How to find radius if I know angle and velocity

[chiarama]

I'm designing RC car and need to know the radius of circle when I drive corner.
I know the angle of the wheel and car velocity.

how can I calculate? I think I learned about it in the general physics class but I don't remember.

 

[Gear300]

Radius of the arc of the turn or radius of the wheel?

 

[chiarama]

Radius of the arc of the turn or radius of the wheel?

radius of the arc of the turn. Thank you for interest!

 

[Gear300]

When you said angle of wheel, I'm assuming the angle of the front wheel is turned in order for turning the car.

I made assumptions here and there, and so according to experience, there is a good chance I made some mistakes. According to what I got, the velocity does not determine the radius of the curve, but the angle of the wheel, theta_w, and the length of the car, l_e, do (so you'll need an additional measurement). Also, the translational velocity of the wheels is not the translational velocity of the car while turning - I got v*cos(theta_w) for that value (disregarding friction while turning). What I got for the radius was r = 1/(l_e*tan(theta_w)). If anyone could confirm/correct it, it'd be helpful.

 

[chiarama]

When you said angle of wheel, I'm assuming the angle of the front wheel is turned in order for turning the car.

I made assumptions here and there, and so according to experience, there is a good chance I made some mistakes. According to what I got, the velocity does not determine the radius of the curve, but the angle of the wheel, theta_w, and the length of the car, l_e, do (so you'll need an additional measurement). Also, the translational velocity of the wheels is not the translational velocity of the car while turning - I got v*cos(theta_w) for that value (disregarding friction while turning). What I got for the radius was r = 1/(l_e*tan(theta_w)). If anyone could confirm/correct it, it'd be helpful.

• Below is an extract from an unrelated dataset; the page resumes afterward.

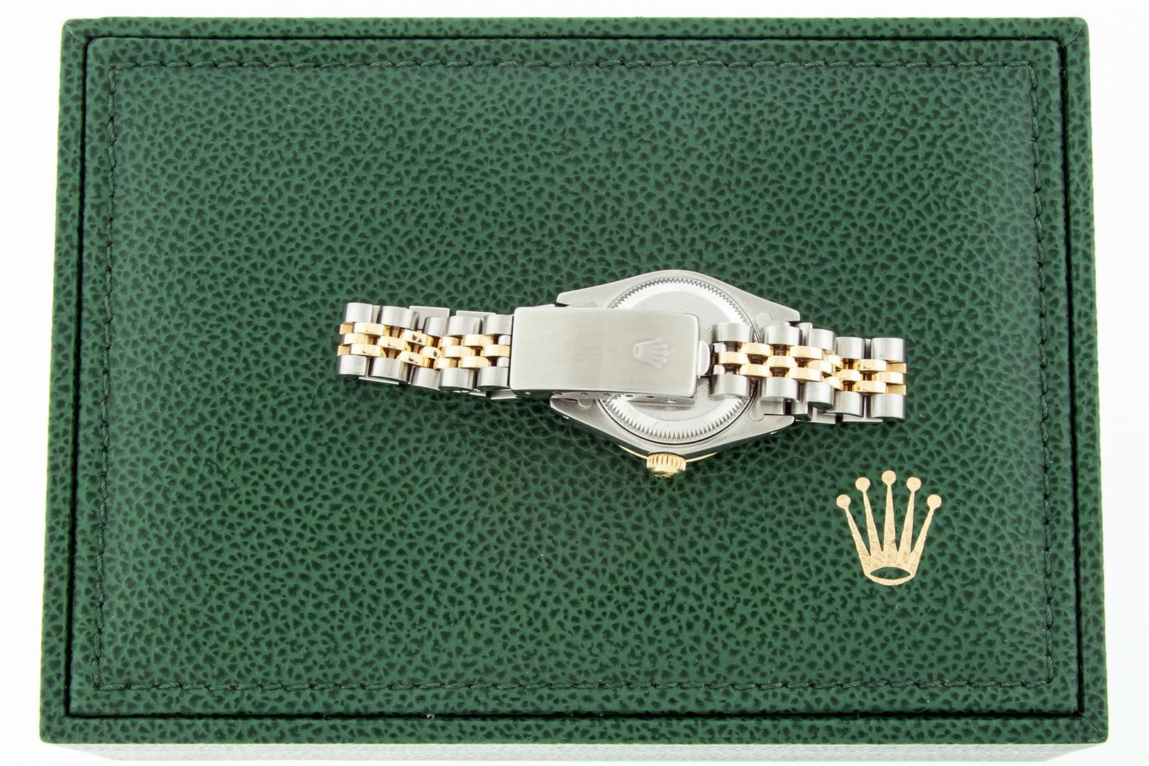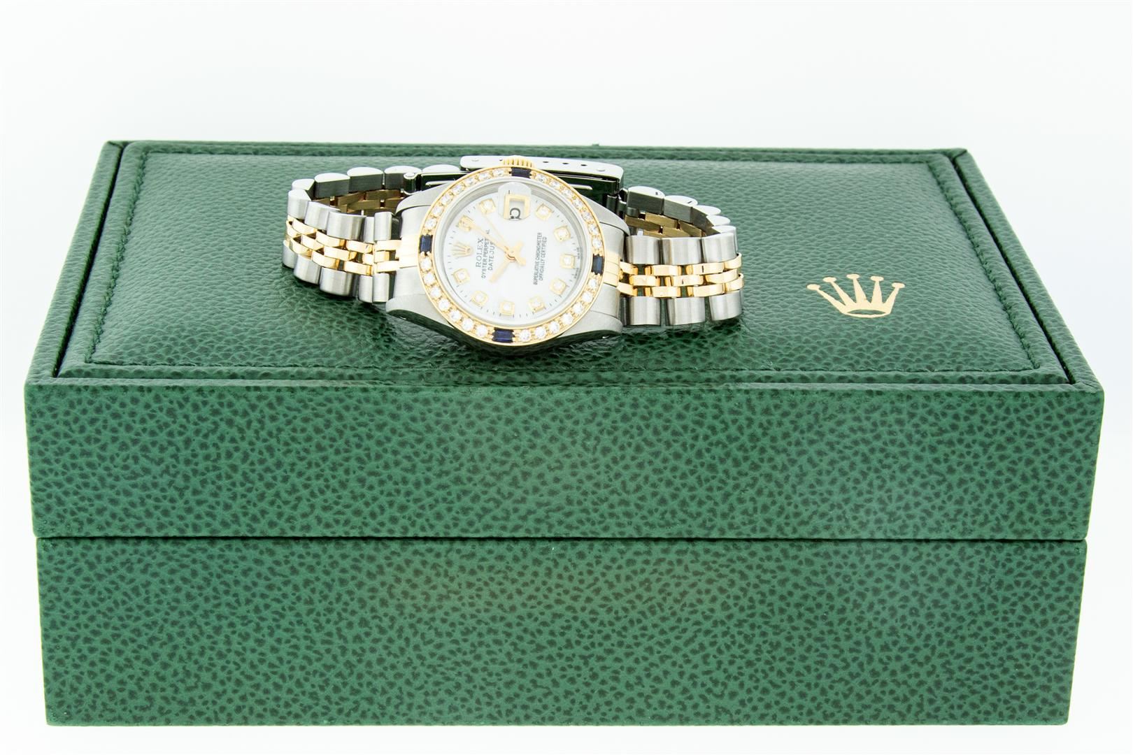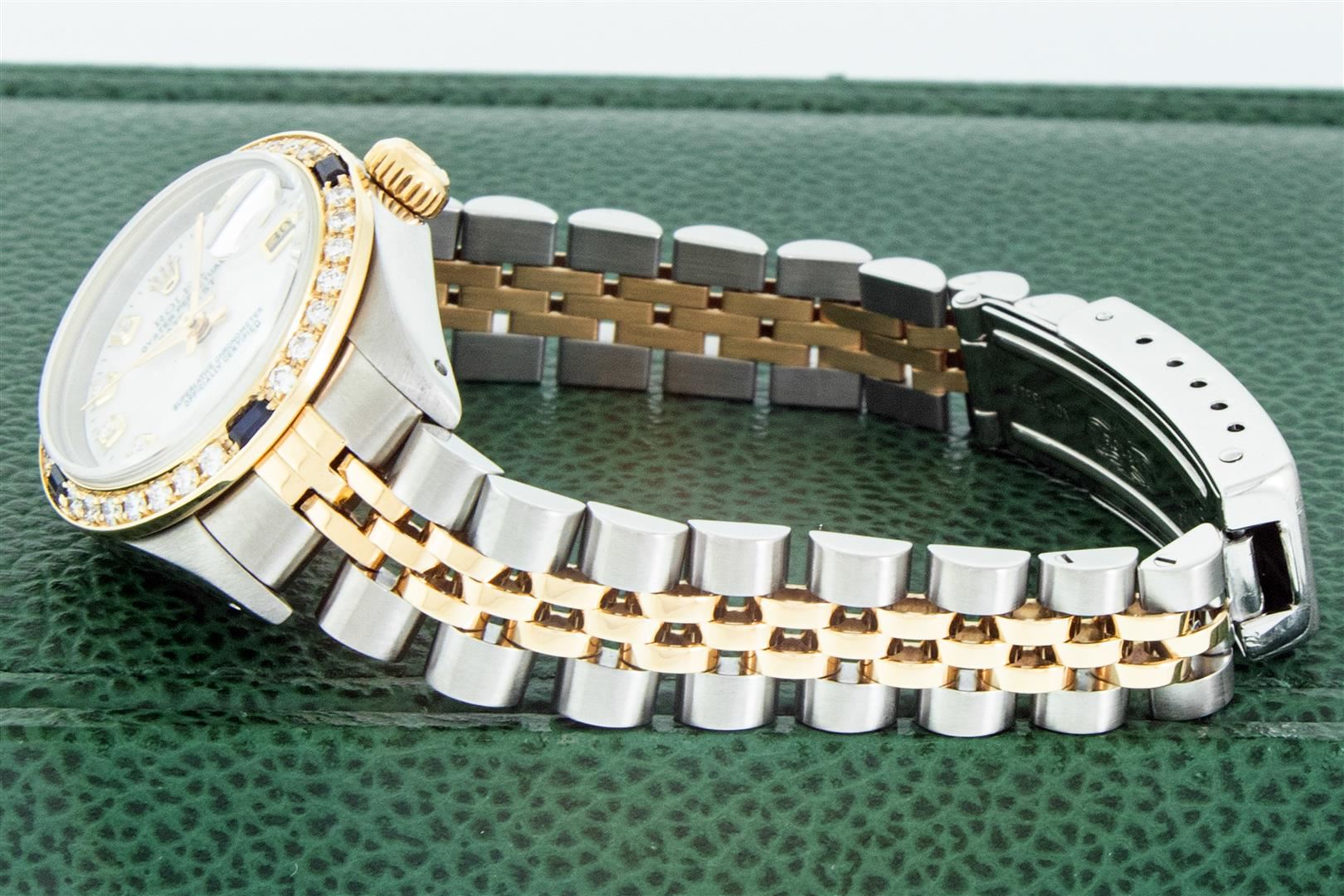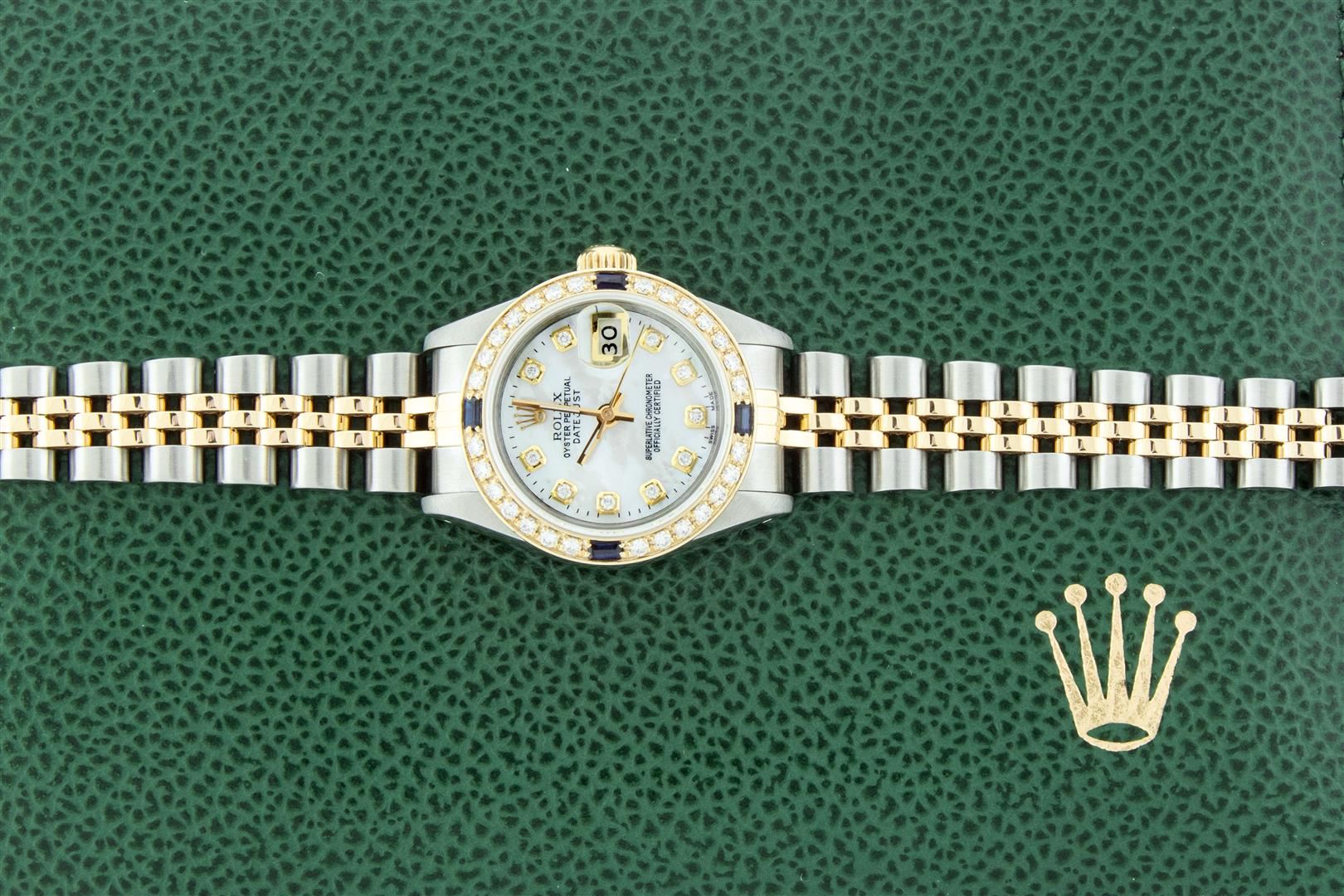 One Ladies Two Tone Yellow Gold And Stainless Steel Rolex Datejust Polished, Serviced & Electronically Tested, Yellow Gold & Stainless Steel Case: 26mm, Rolex Yellow Gold Crown, Custom Bezel: New 18K Yellow Gold Sapphire Beadset Diamond Bezel, Diamond + Gem Count: 28 Diamonds + 4 Sapphires, Clarity: SI-VS, Color: G to H. Custom Crystal: New Sapphire With Magnified Date Window. Custom Hands: New Luminescent Hands. Rolex Movement: Automatic Winding Movement. Custom Dial: Mother Of Pearl Set With Diamond Hour Markers & Dash Track, Diamond Count: 10 Diamond in Dial, G To H In Color, SI-VS Clarity. Date Window: 3 O'clock Position Date Display, Model: Datejust, Condition: G-6 Extra Fine. Rolex Bracelet: Two Tone Yellow Gold & Stainless Steel Jubilee Band. Bright Polish. 6.0 Inch Length, Adjustable. Standard Clasp, With Rolex Logo. This Pre Owned Watch Has Been Serviced Time Tested And Is In Excellent Condition It Is Free Of All Scratches And Dents. This Watch Comes With A Rolex Box.

I tried to prove your answer but I couldn't. can you explain how you got that result?
And when you mention the length of the car, do you mean distance between center of front and rear wheel?

 

[Gear300]

And when you mention the length of the car, do you mean distance between center of front and rear wheel?

Yup.

The car movement could be modeled as an arc of a circle. With a constant speed the centripetal acceleration is a = v²/r. Usually when referring to cars in circular motion, it is said that the static friction provides the centripetal force (otherwise there will be kinetic friction and the car speeds in a tangent). However, the car does not have to be in circular motion to experience static friction, so more directly or indirectly, what is allowing for the the motion is the turn/angle of the wheel. What I did was I first just focused on the car as my system (you can draw it out as a line that is moving forward with a velocity v, in which the length of the line is the length of from the rear wheel to the front wheel). In this situation, the only wheels turned are the front wheels; therefore, the velocity at the front of the car/line is at an angle to the car/line, so part of the velocity is in the forward direction of the car and part is in the perpendicular direction. Since the rear wheels are focused on the ground by static friction, you could look at it as the line moving forward with a velocity equivalent to the component in the forward direction (v*cos(theta_w)) and rotating due to the component perpendicular to the car (v*sin(theta_w)). As the line rotates, the forward direction changes - altogether, you have the car moving in an arc. The angular velocity of the rotation of the car is negative the angular velocity of the revolution of the car. The centripetal acceleration is also a = v*w (w is the angular velocity of the revolution and v is the tangential velocity, which is v*cos(theta_w )). With that, you can solve for the radius. Of course, I might also be wrong about this.

 

[chiarama]

I tried to prove your answer but I couldn't. can you explain how you got that result?
And when you mention the length of the car, do you mean distance between center of front and rear wheel?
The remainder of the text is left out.